Personal information
- Full name: Guilherme Almeida Augusto
- Date of birth: 29 January 1993 (age 32)
- Place of birth: Osasco, Brazil
- Height: 1.85 m (6 ft 1 in)
- Position(s): Centre back

Team information
- Current team: Águia de Marabá

Youth career
- 2006–2011: Portuguesa
- 2011–2012: Palmeiras
- 2012–2013: São Paulo

Senior career*
- Years: Team / Apps / (Gls)
- 2013–2014: Avaí / 0 / (0)
- 2014: → Tokyo Verdy (loan) / 0 / (0)
- 2015–2016: Portuguesa / 21 / (1)
- 2017: CRAC / 4 / (0)
- 2018: São Paulo-RS / 0 / (0)
- 2019–: Águia de Marabá / 17 / (1)

= Guilherme Almeida =

Brazilian footballer (born 1993)

Guilherme Almeida Augusto (born 29 January 1993), known as Guilherme Almeida or simply Guilherme, is a Brazilian footballer who plays for Águia de Marabá as a central defender.

==Club career==
Born in Osasco, São Paulo, Guilherme represented Portuguesa, São Paulo and Palmeiras as a youth. In 2013, he moved to Avaí, but failed to make a first team appearance for the club.

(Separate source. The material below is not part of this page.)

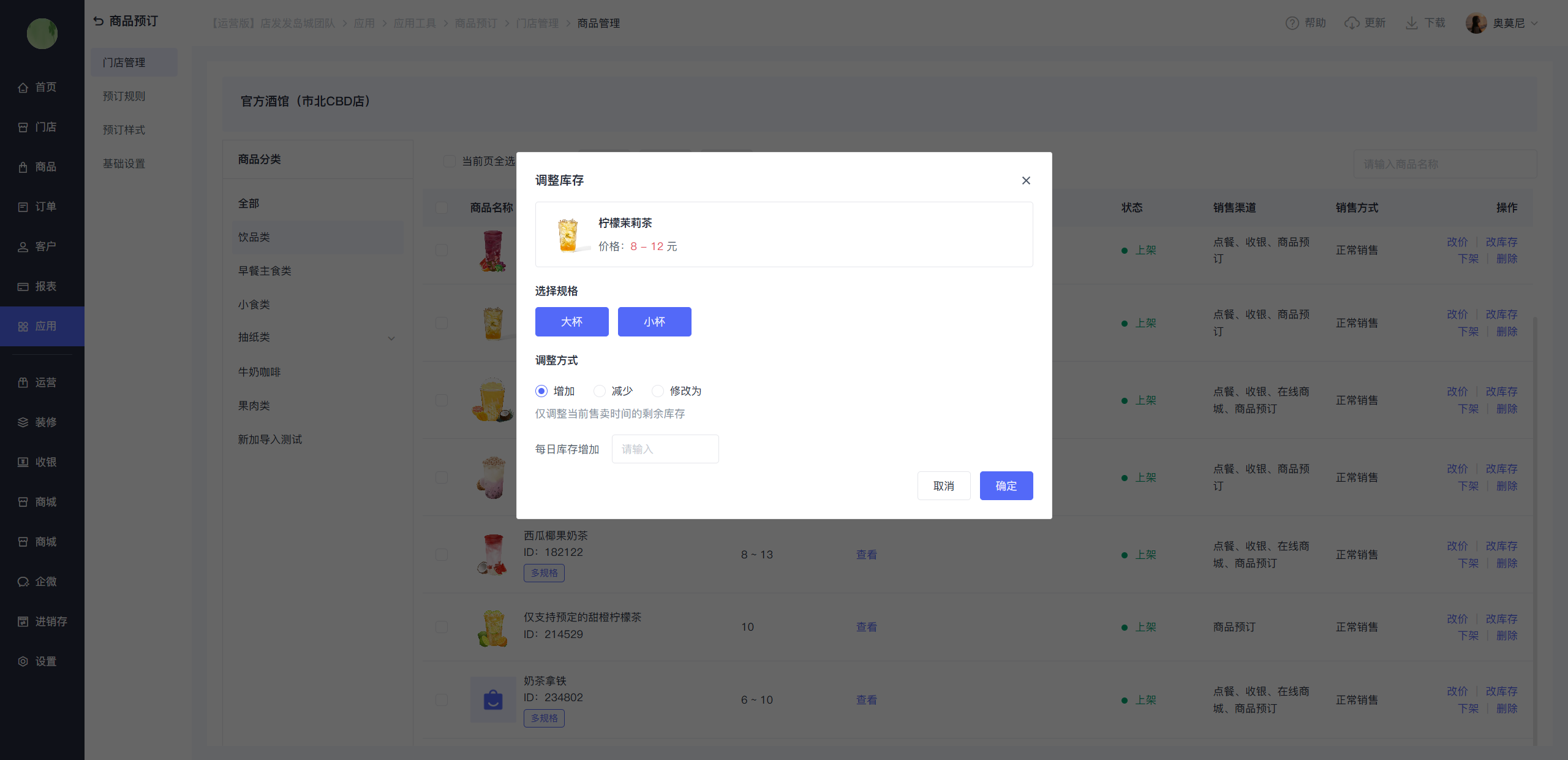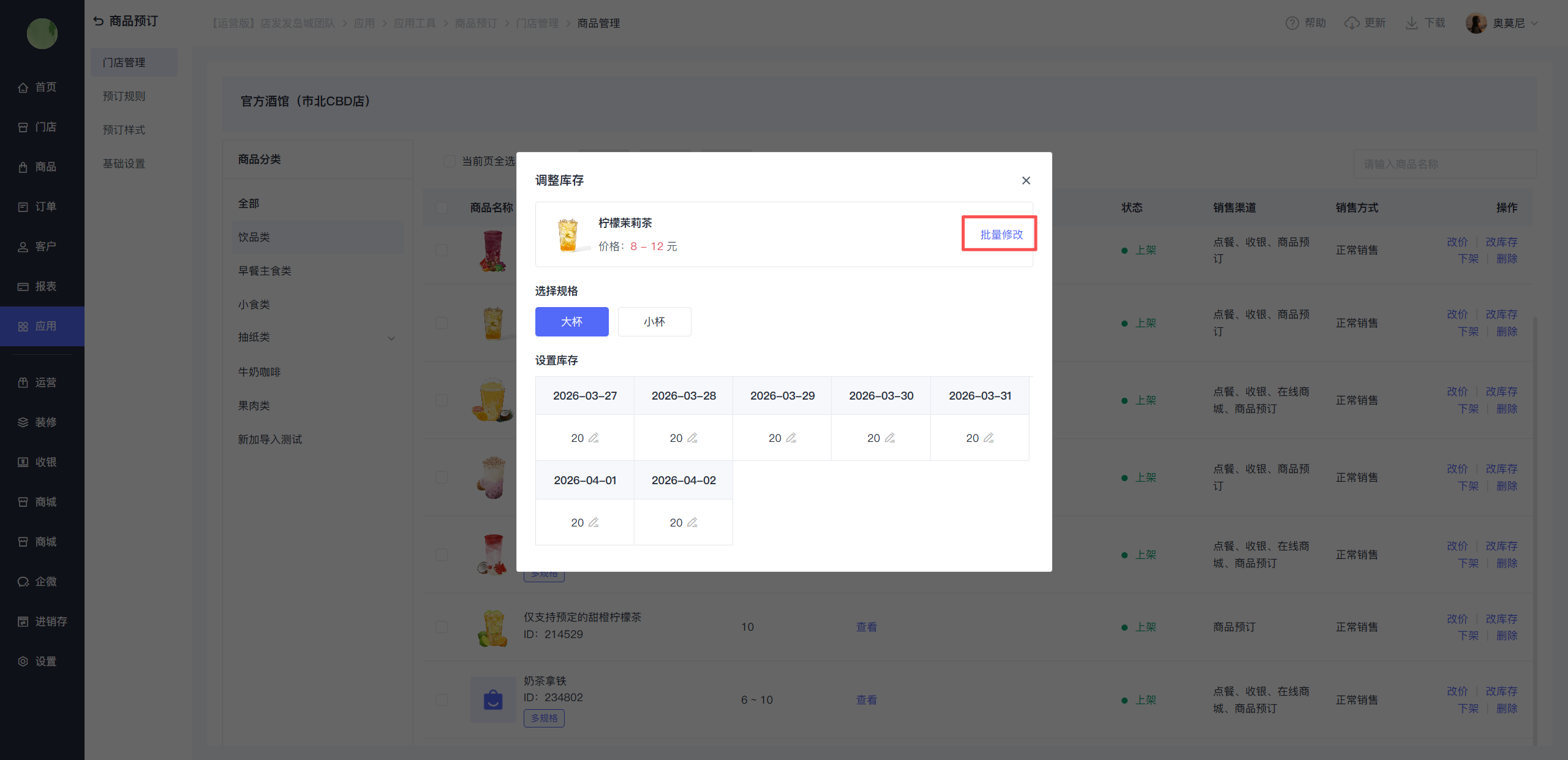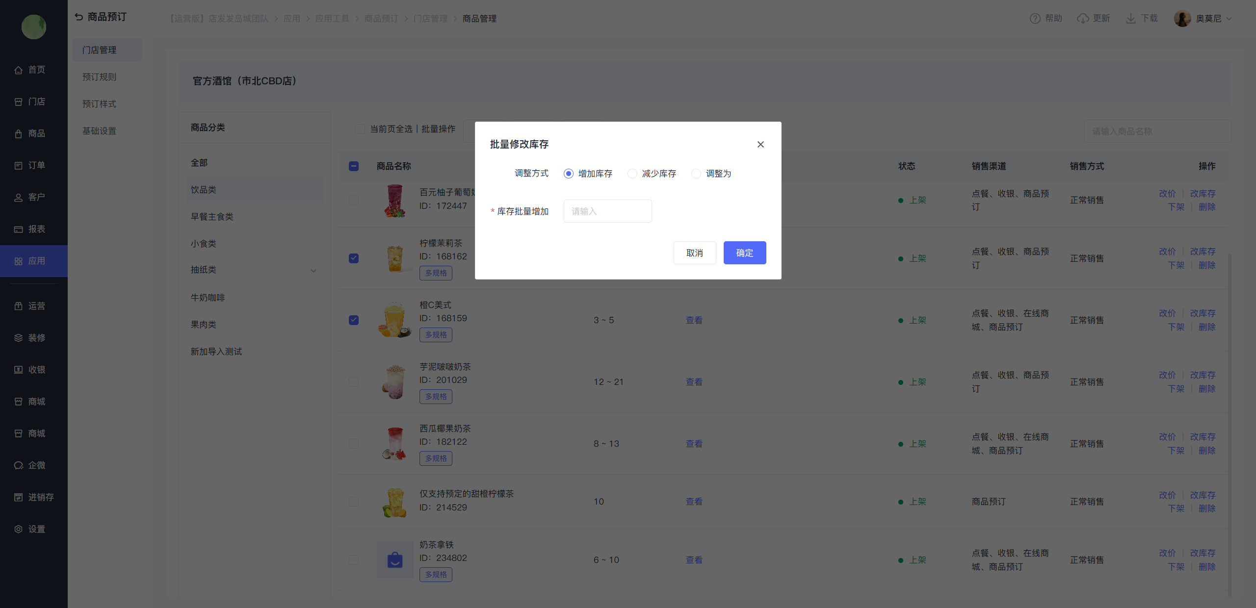 品牌后台-应用-应用工具-商品预订-门店管理-商品管理

In March 2014 Guilherme was loaned to Tokyo Verdy until December. He returned to Avaí after contributing with no minutes, and was subsequently released.

On 29 January 2015 Guilherme returned to his first club Portuguesa. He made his debut for the club on 28 February, starting and scoring his team's first in a 2–1 away win against Bragantino for the Campeonato Paulista championship.